On top of that… At least on Gen 2s…. What you can do over OBD2 is very limited. I don’t know about windows but things like flashing your turn signals are completely off the table. It only works when the engine is not running AND a valid key is present.


----------



## Scottstots (Mar 12, 2020)

Snipesy said:


> I’m a bit confused why you would want this? You’re limited to the range of the OBD2 device. Which is not far.
> 
> On top of that… At least on Gen 2s…. What you can do over OBD2 is very limited. I don’t know about windows but things like flashing your turn signals are completely off the table. It only works when the engine is not running AND a valid key is present.


I used it for when I wanted to get into my hot car on a summer day. I could just roll down all the windows before I got in and let the heat escape faster than going around and opening the doors. Another convenience was if one of my passengers didn't close a window I didnt have to go back into the car and turn on the ignition to close it.

The first gen obd2 port worked great for years and it did this weird thing where it would turn on the hazards everytime I put the car in reverse. I never really had an issue with it although I'm sure that would bother some folks. The point is it was also able to flash both turn signals.

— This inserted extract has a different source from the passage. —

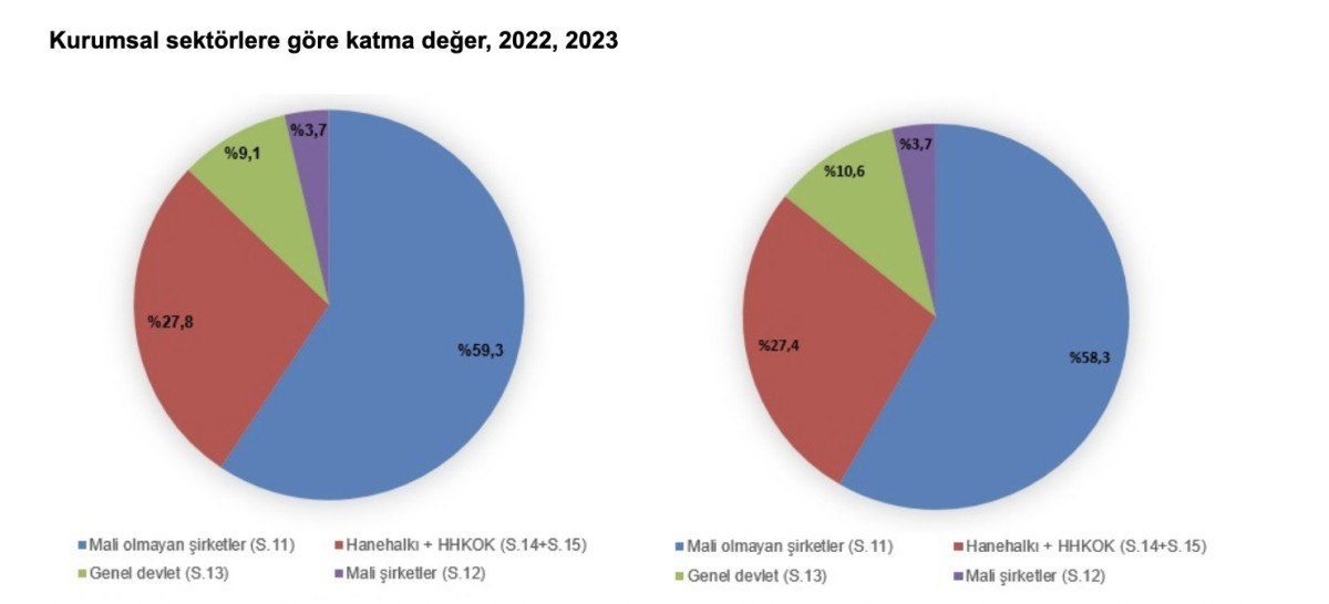 Türkiye’nin gayrisafi milli hasılası (GSMH) 2023 yılında 26 trilyon 278 milyar 895 milyon 983 bin lirayı bulurken, mali olmayan şirketler, toplam ekonomide yaratılan katma değer içinde yüzde 58,3’lük paya sahip oldu.

If your saying the 2nd gen obd2 port doesn't even allow flashing of the turn signals then it probably also doesn't have control over the windows thus why there isn't a dongle for it....Wich sucks


----------



## Snipesy (Dec 7, 2015)

Scottstots said:


> I used it for when I wanted to get into my hot car on a summer day. I could just roll down all the windows before I got in and let the heat escape faster than going around and opening the doors. Another convenience was if one of my passengers didn't close a window I didnt have to go back into the car and turn on the ignition to close it.
> 
> The first gen obd2 port worked great for years and it did this weird thing where it would turn on the hazards everytime I put the car in reverse. I never really had an issue with it although I'm sure that would bother some folks. The point is it was also able to flash both turn signals.
> 
> If your saying the 2nd gen obd2 port doesn't even allow flashing of the turn signals then it probably also doesn't have control over the windows thus why there isn't a dongle for it....Wich sucks


There are some tunes that do some weird tricks to get the windows down (ie hold unlock). I’ve never tried it though. They are also kind of expensive.


----------



## Scottstots (Mar 12, 2020)

Snipesy said:


> There are some tunes that do some weird tricks to get the windows down (ie hold unlock). I’ve never tried it though. They are also kind of expensive.

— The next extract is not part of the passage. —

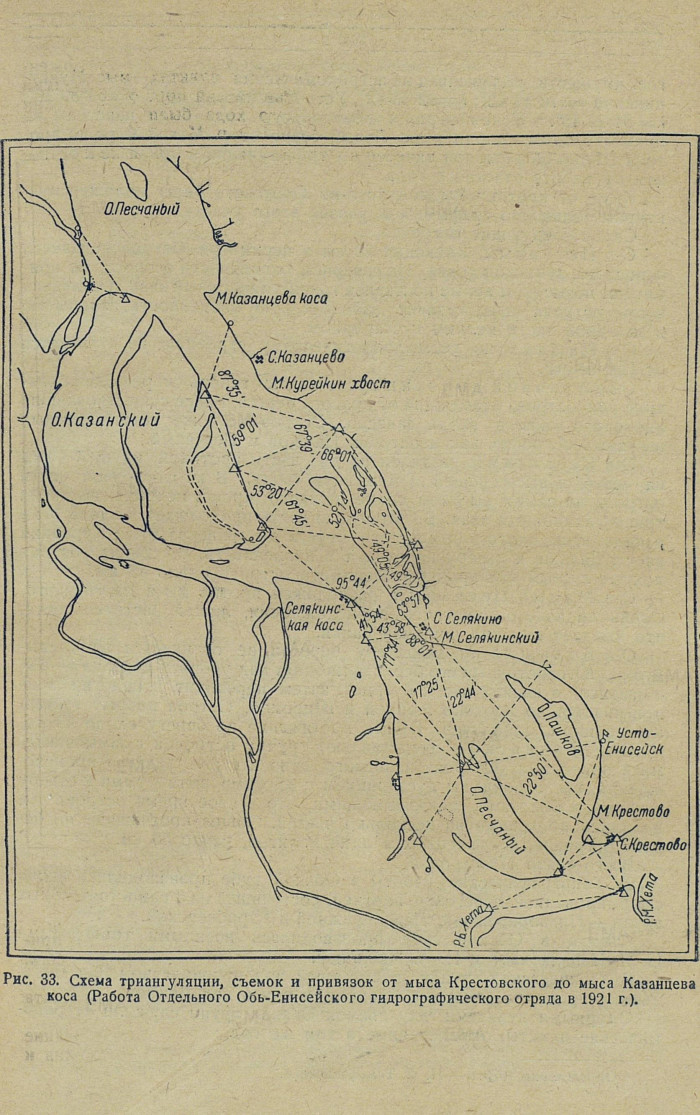 Рис. 33. Схема триангуляции, съемок и привязок от мыса Крестовского до мыса Казанцева коса (Работа Отдельного Обь-Енисейского гидрографического отряда в 1921 г.).

Thanks for the suggestion. It wouldn't make sense to waste money on a tuner just for that one function tho. But don't tuners connect to the obd2 port? If they do doesn't that mean the 2nd gen does infact have the ability to open and close the windows?


----------



## Snipesy (Dec 7, 2015)

Scottstots said:


> Thanks for the suggestion. It wouldn't make sense to waste money on a tuner just for that one function tho. But don't tuners connect to the obd2 port? If they do doesn't that mean the 2nd gen does infact have the ability to open and close the windows?


Yes. But it would FLASH the BCM. Then you can unhook it. And it would still work.

That is a full calibration flash. Not a small little toggle like you may find in some other vehicles. Yeah, I wish it was just a simple little config change but sadly GM doesn't do it that way.


----------